Cost-aware Stopping for Bayesian Optimization
This addresses a practical issue in automated machine learning and scientific discovery by providing a theoretically grounded stopping rule to avoid excessive costs, though it is incremental as it builds on existing cost-aware acquisition functions.
The paper tackles the problem of deciding when to stop evaluating expensive black-box functions in Bayesian optimization, proposing a cost-aware stopping rule that adapts to varying evaluation costs and is free of heuristic tuning, with experiments showing it matches or outperforms other methods in cost-adjusted simple regret on tasks like hyperparameter optimization and neural architecture search.
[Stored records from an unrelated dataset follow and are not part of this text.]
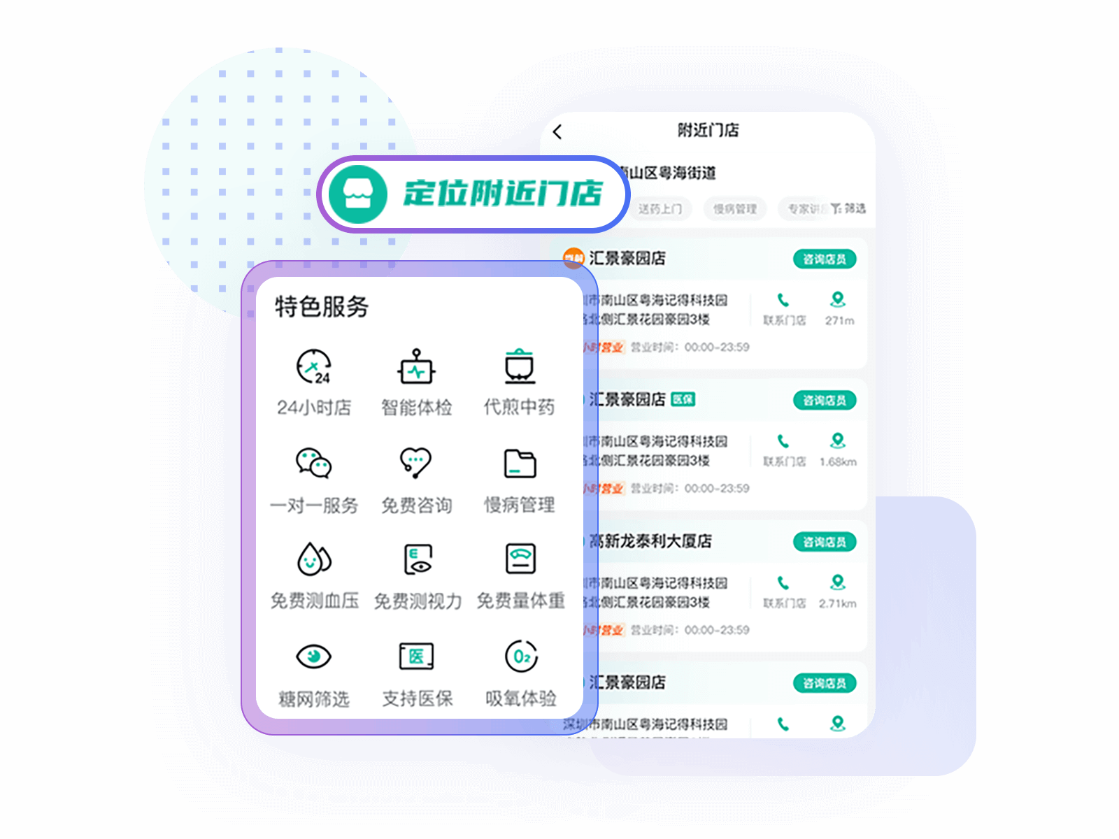 帮助用户快速找到周边门店,添加门店药师和健康顾问企业微信,提供一对一咨询服务,同时可查看周边门店提供中药代煎,雾化吸氧,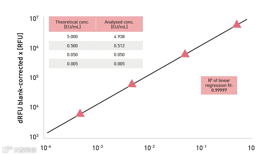 图3: 由预载在ENDOZYME II板上的标准品所生成的标准曲线,在VANTAstar中展现出极高的线性相关性(R² > 0.999)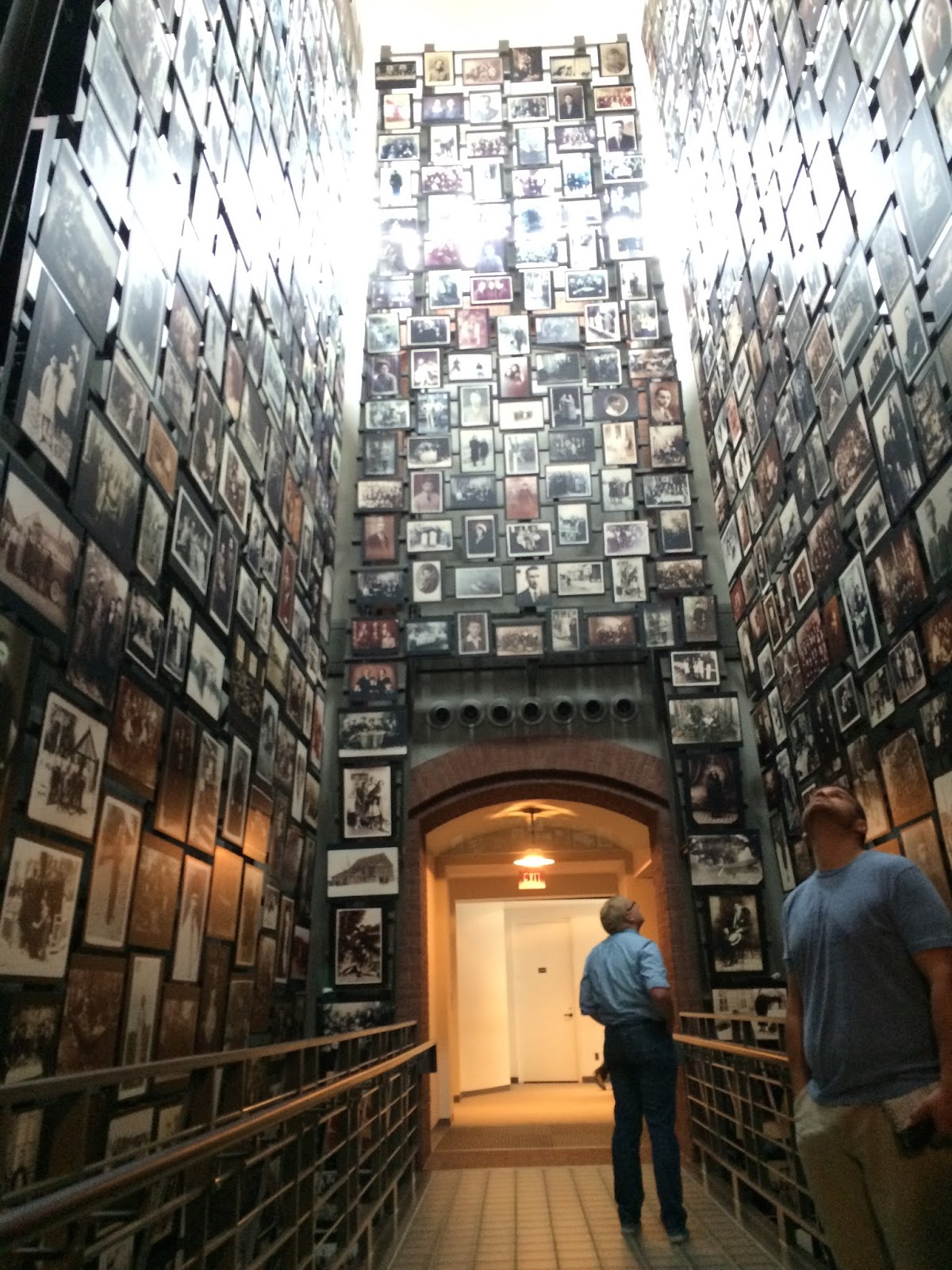 These photos were rescued from a prominent photographer in a Shtetl, a Jewish community. These photographs lined this hall through 3 stories. Statistically, two in every 3 people in these photos did not survive the Holocaust.

In automated machine learning, scientific discovery, and other applications of Bayesian optimization, deciding when to stop evaluating expensive black-box functions is an important practical consideration. While several adaptive stopping rules have been proposed, in the cost-aware setting they lack guarantees ensuring they stop before incurring excessive function evaluation costs. We propose a cost-aware stopping rule for Bayesian optimization that adapts to varying evaluation costs and is free of heuristic tuning. Our rule is grounded in a theoretical connection to state-of-the-art cost-aware acquisition functions, namely the Pandora's Box Gittins Index (PBGI) and log expected improvement per cost. We prove a theoretical guarantee bounding the expected cumulative evaluation cost incurred by our stopping rule when paired with these two acquisition functions. In experiments on synthetic and empirical tasks, including hyperparameter optimization and neural architecture size search, we show that combining our stopping rule with the PBGI acquisition function usually matches or outperforms other acquisition-function--stopping-rule pairs in terms of cost-adjusted simple regret, a metric capturing trade-offs between solution quality and cumulative evaluation cost.